Absolutely, I wrote an article for Artinfo, an online art magazine, in which I discuss how the metal scene in Egypt was instrumental is the process of forming the revolution and the eventual fall of Mubarak . Two of the biggest activists, who basically created the protest on a facebook page, where victims of the “Days Of Satanism” in Egypt, a time where metal was quite popular in Cairo and Alexandria, and then everyone was arrested and in some cases tortured for being metal fans, as the government viewed metal as a threat as it is a rebellious and subversive medium. So its quite amazing too see how the government created this monster which is metal-heads turned activists, which tore down the government to the point of impeaching the president. This is an extremely great example of what art is capable of.

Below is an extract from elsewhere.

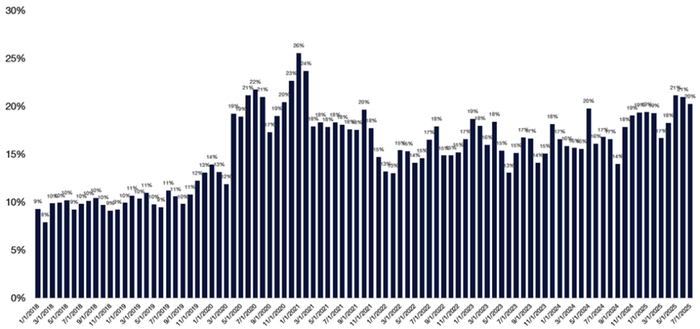今年夏季市场“反弹之火”背后,散户成为牛市“增程器”。数据显示,2025年美国散户通过股票与ETF已净流入高达1550亿美元,持股市值创历史新高,约占美国家庭金融资产的49%,若涵盖401K等间接持仓,占比接近60%。投机型参与者持续“买买买”,大幅强化了市场“逢低买入”的惯性。

As a final question I would like to know what music you’re currently listening and what band and albums do you recommend to our viewers?
I wish I could but I really haven’t listened to music for a while. I apologize really-but I’d rather be honest as possible.
If you got any last thoughts and remarks, please put them here:
Thanks a lot for interesting questions and giving me the opportunity to explain my work, I really appreciate it. I really do hope that people can immerse themselves into this piece and truly enjoy it.